What to produce |
Restate word for word the section of the entries that opens at the line containing "Chamberlain Pathophysiology NR283" and closes at the line containing "Bluebonnet Nutrition Calcium", both lines kept, pictures dropped.
++++ Data excerpts
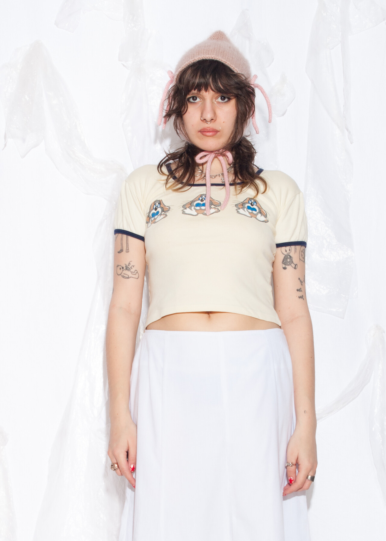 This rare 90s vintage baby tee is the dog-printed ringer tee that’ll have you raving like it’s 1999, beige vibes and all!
++++++++
++++ Data excerpts
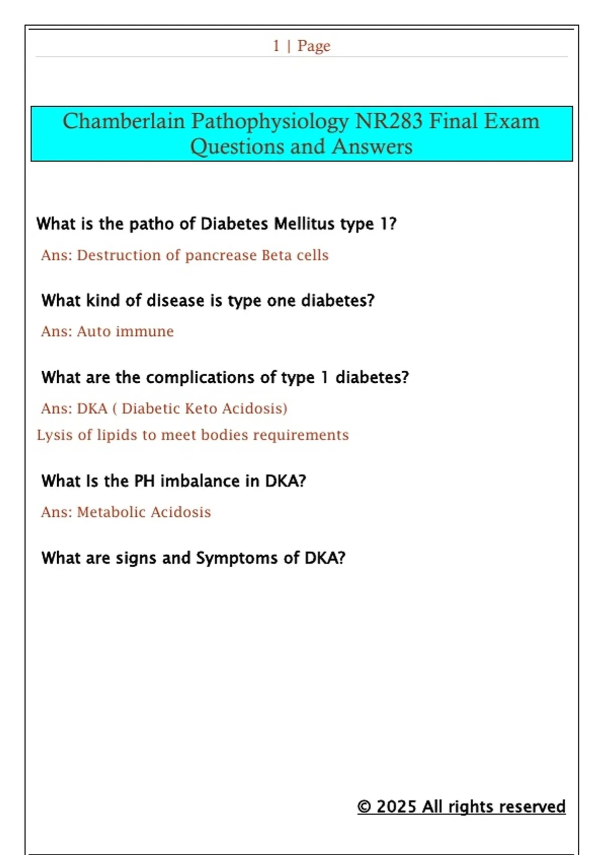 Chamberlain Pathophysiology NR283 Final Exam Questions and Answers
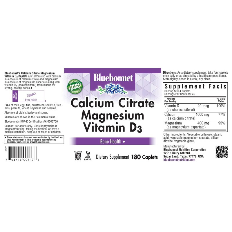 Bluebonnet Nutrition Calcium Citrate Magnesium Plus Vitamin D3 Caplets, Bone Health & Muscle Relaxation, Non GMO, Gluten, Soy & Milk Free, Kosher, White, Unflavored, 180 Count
++++++++
Answer to this exercise |
 Chamberlain Pathophysiology NR283 Final Exam Questions and Answers
 Bluebonnet Nutrition Calcium Citrate Magnesium Plus Vitamin D3 Caplets, Bone Health & Muscle Relaxation, Non GMO, Gluten, Soy & Milk Free, Kosher, White, Unflavored, 180 Count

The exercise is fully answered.